The problem: Copy the data exactly. Images are the one exception.

Dataset excerpts:
________

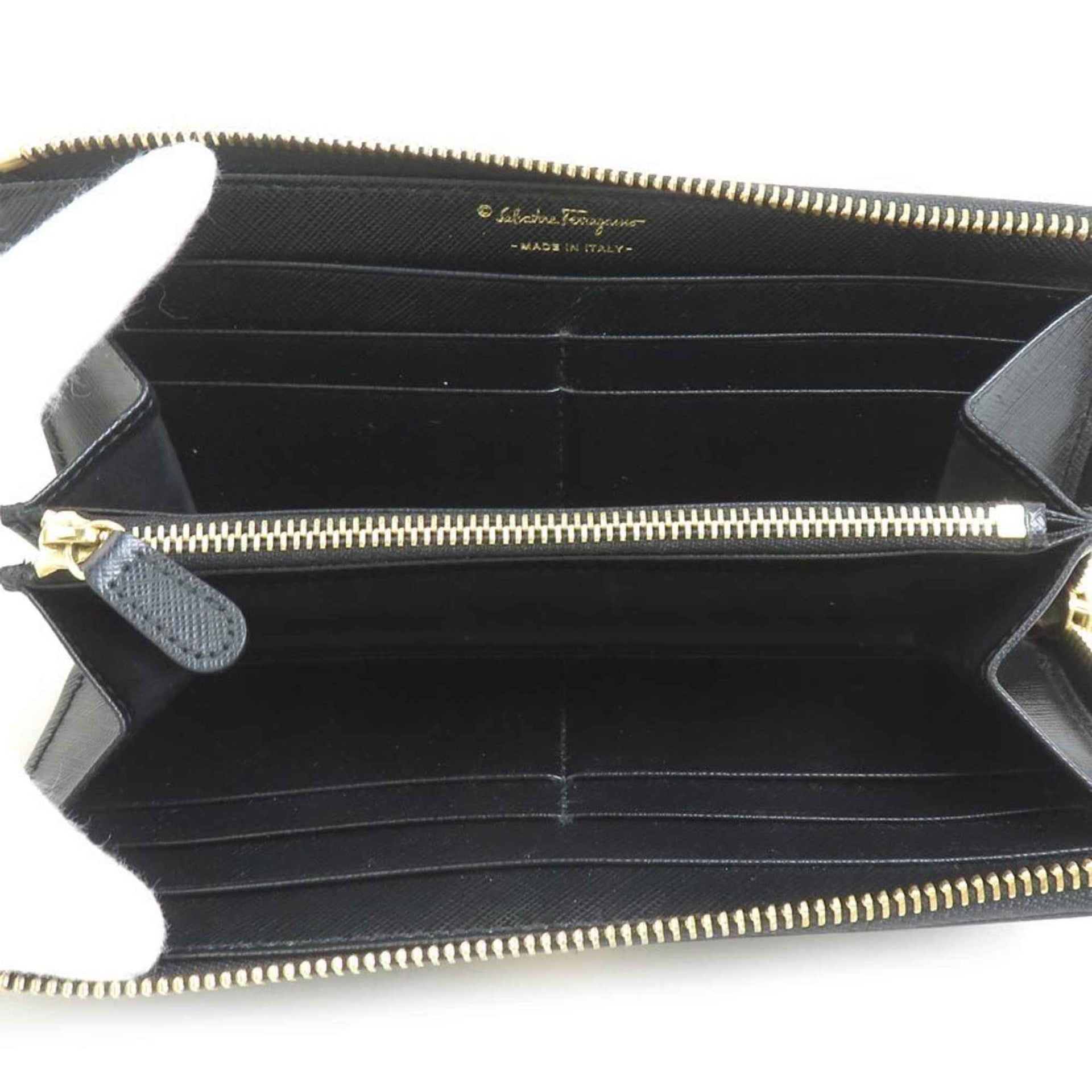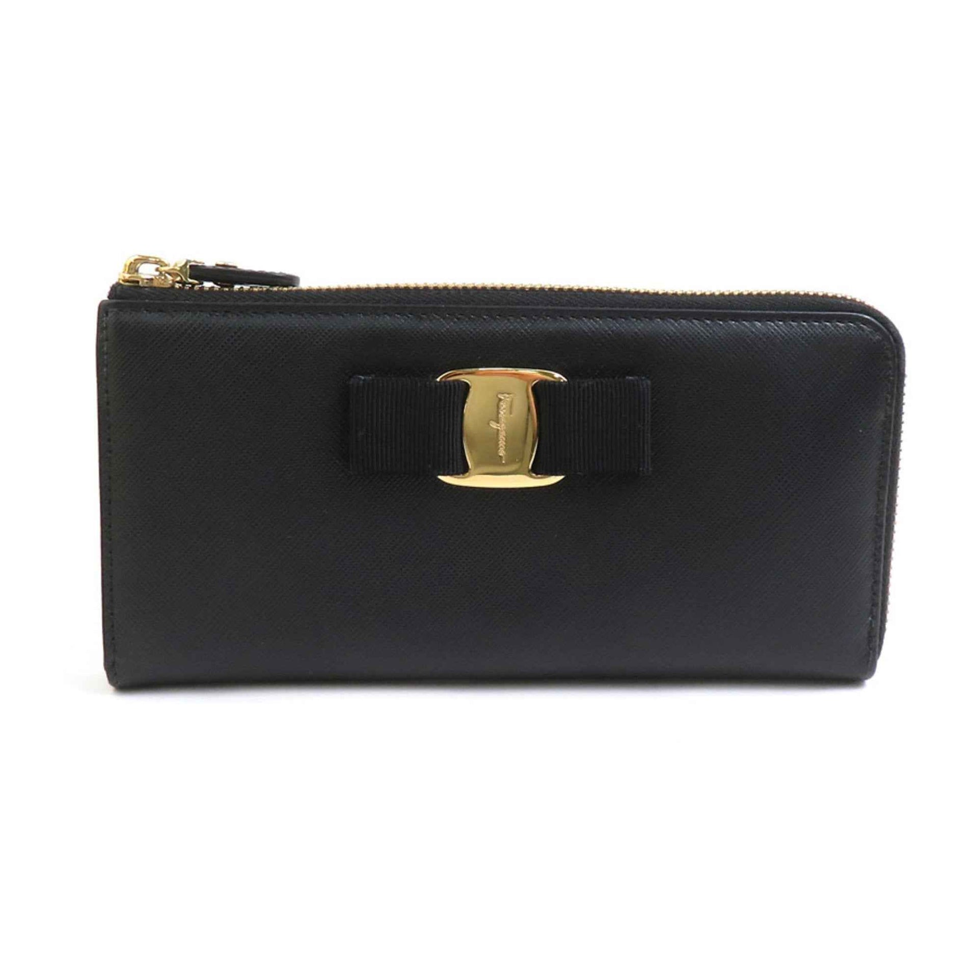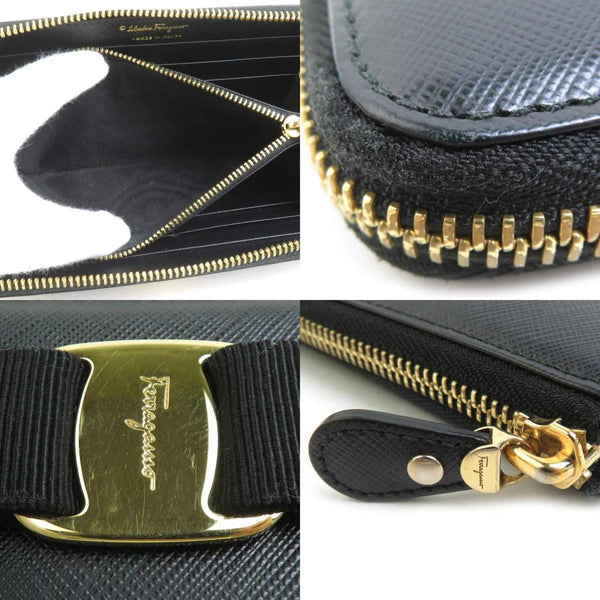 Salvatore Ferragamo Vara Ribbon Leather Round Long Wallet in Black, Women\'s, H31413a
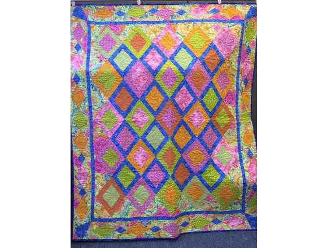Beautifully Detailed Handmade Diamond Pattern Quilt. Wonderfully vibrant colors.
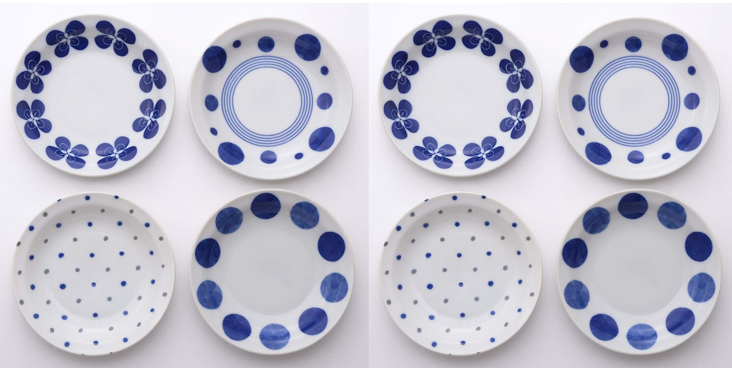 丸鎌陶器 お皿 皿 小皿 セット リム 8枚 おしゃれ 美濃焼 青色タッチリム小皿(4柄×2枚組)
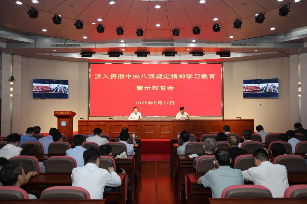 5月27日,BB贝博艾弗森官网召开警示教育会,深入学习贯彻习近平总书记关于加强党的作风建设的重要论述,深刻剖析违纪违法典型案例,以案示警、以案明纪,教育引导全校党员干部主动在思想上划出红线、在行为上明确界限,为建设高水平科技大学筑牢坚强作风保障。校党委书记王君松主持会议并讲话,校党委常委、纪委书记、监察专员徐龙飞通报反面典型案例。
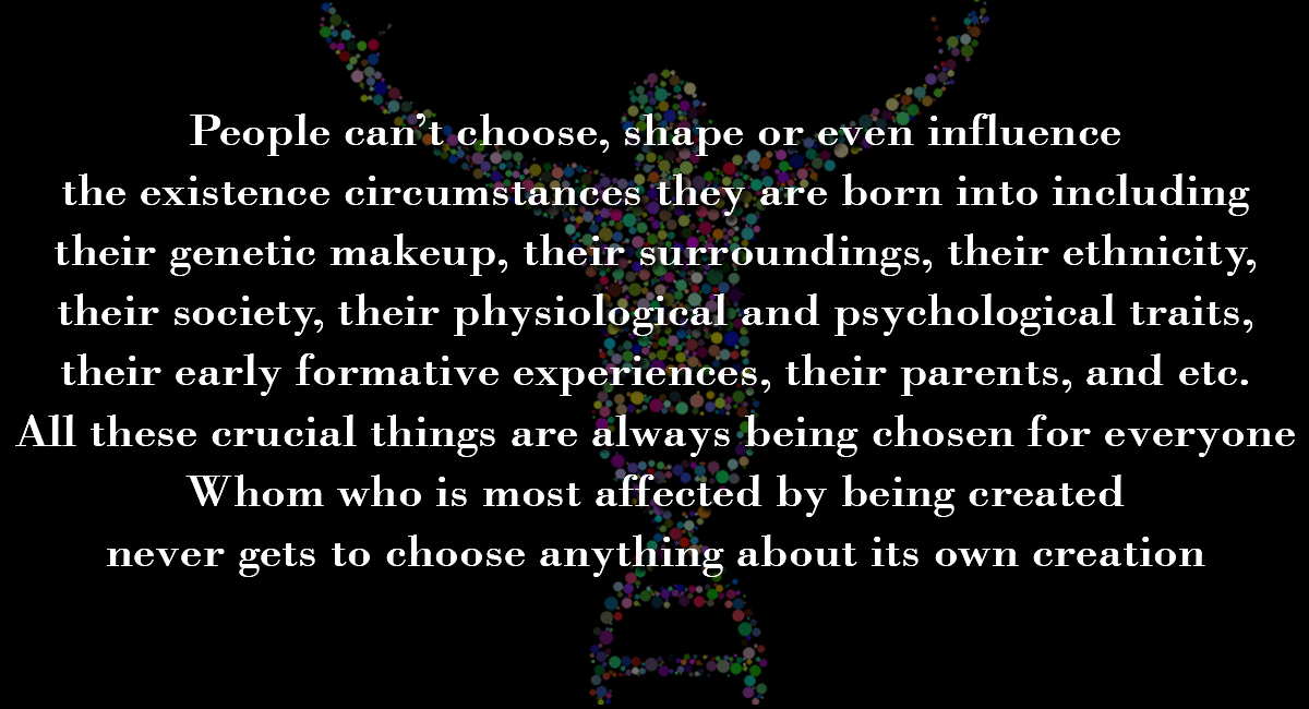 While the consent argument mostly focuses on that creating people is subjecting them to harms without their consent – and is therefore an imposition of harms, the argument I am making here focuses on that creating people is subjecting them to a wide but very specific set of extremely crucial formative conditions that will constitute their very existence, yet none of them were chosen by the created people, and it is highly doubtful whether their constituting effect could ever be radically altered – and therefore an imposition of circumstances of existence.

________

Finished task:
 Salvatore Ferragamo Vara Ribbon Leather Round Long Wallet in Black, Women\'s, H31413a
Beautifully Detailed Handmade Diamond Pattern Quilt. Wonderfully vibrant colors.
 丸鎌陶器 お皿 皿 小皿 セット リム 8枚 おしゃれ 美濃焼 青色タッチリム小皿(4柄×2枚組)
 5月27日,BB贝博艾弗森官网召开警示教育会,深入学习贯彻习近平总书记关于加强党的作风建设的重要论述,深刻剖析违纪违法典型案例,以案示警、以案明纪,教育引导全校党员干部主动在思想上划出红线、在行为上明确界限,为建设高水平科技大学筑牢坚强作风保障。校党委书记王君松主持会议并讲话,校党委常委、纪委书记、监察专员徐龙飞通报反面典型案例。
 While the consent argument mostly focuses on that creating people is subjecting them to harms without their consent – and is therefore an imposition of harms, the argument I am making here focuses on that creating people is subjecting them to a wide but very specific set of extremely crucial formative conditions that will constitute their very existence, yet none of them were chosen by the created people, and it is highly doubtful whether their constituting effect could ever be radically altered – and therefore an imposition of circumstances of existence.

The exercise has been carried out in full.